** TASK DESCRIPTION **
In the entries below, begin at the line that has "O GREAT BRITAIN: 1883-84, 5sh" and stop after the line that has "異なるカラーで切替えたバーティカルスイッチシャツ。"; output those lines exactly, leaving out pictures.

** RECORDS SUPPLIED **
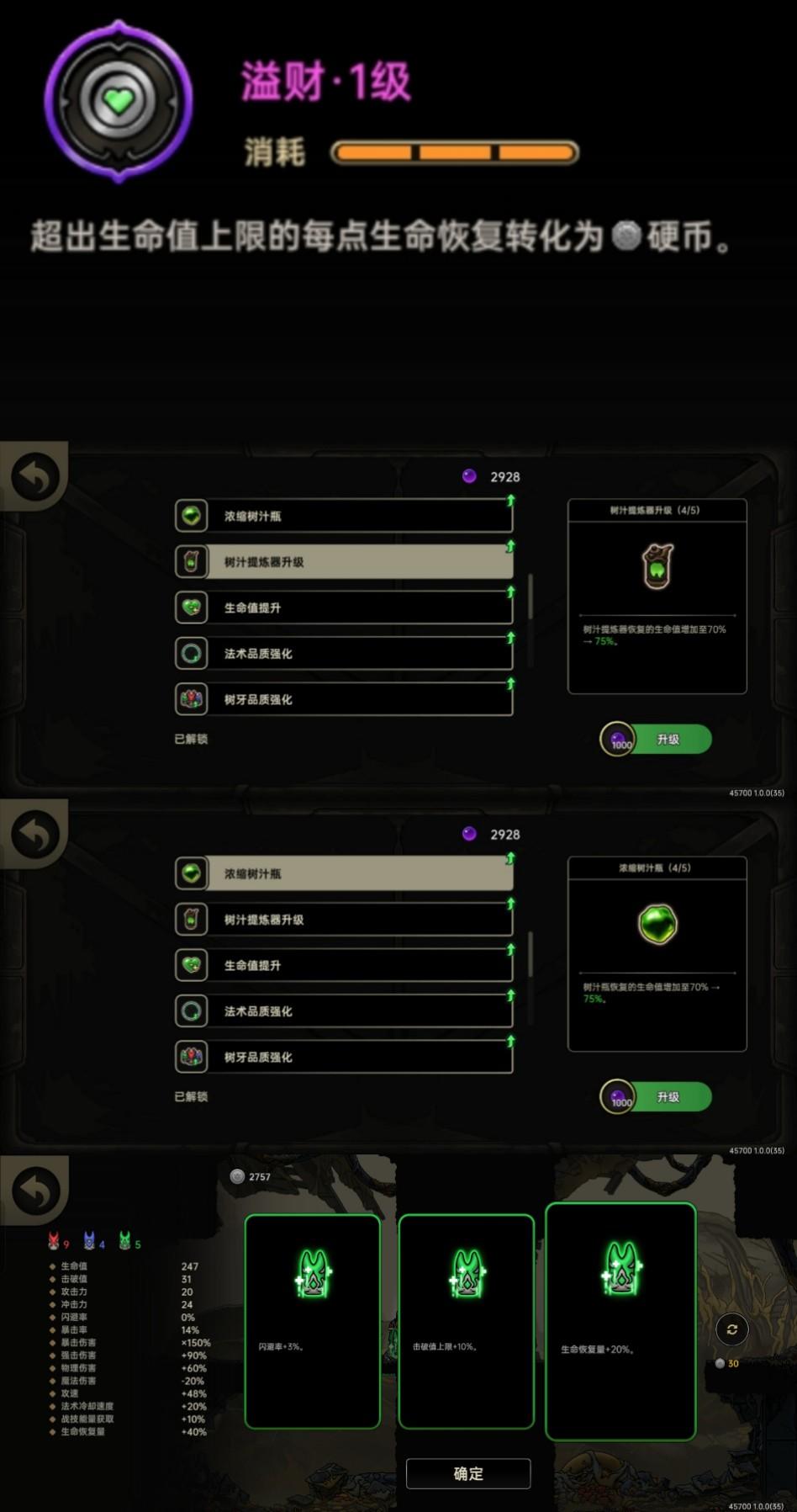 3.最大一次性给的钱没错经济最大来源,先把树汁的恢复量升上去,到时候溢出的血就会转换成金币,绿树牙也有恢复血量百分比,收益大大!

==

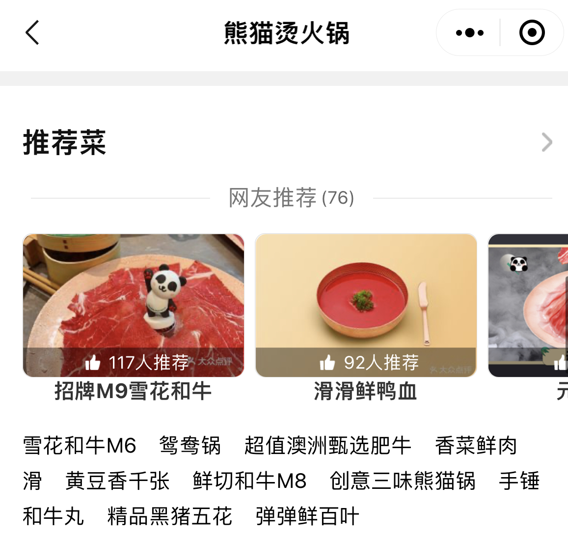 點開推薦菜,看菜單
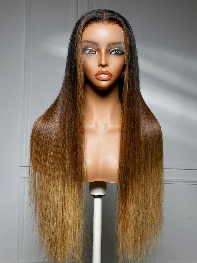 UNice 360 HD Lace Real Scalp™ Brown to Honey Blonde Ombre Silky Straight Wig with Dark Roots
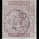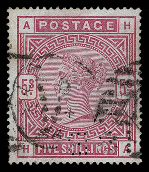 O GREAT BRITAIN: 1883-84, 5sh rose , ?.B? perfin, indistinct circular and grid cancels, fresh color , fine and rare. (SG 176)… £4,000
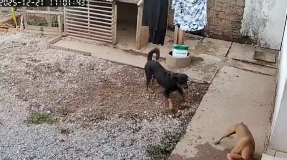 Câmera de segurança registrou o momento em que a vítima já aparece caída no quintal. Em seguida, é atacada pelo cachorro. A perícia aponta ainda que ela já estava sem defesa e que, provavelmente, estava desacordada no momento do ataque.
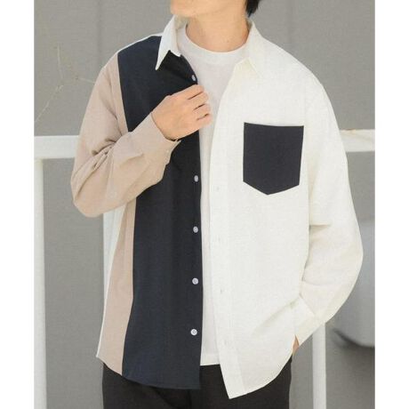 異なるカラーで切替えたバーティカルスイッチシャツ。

** EXERCISE ANSWER **
 O GREAT BRITAIN: 1883-84, 5sh rose , ?.B? perfin, indistinct circular and grid cancels, fresh color , fine and rare. (SG 176)… £4,000
 Câmera de segurança registrou o momento em que a vítima já aparece caída no quintal. Em seguida, é atacada pelo cachorro. A perícia aponta ainda que ela já estava sem defesa e que, provavelmente, estava desacordada no momento do ataque.
 異なるカラーで切替えたバーティカルスイッチシャツ。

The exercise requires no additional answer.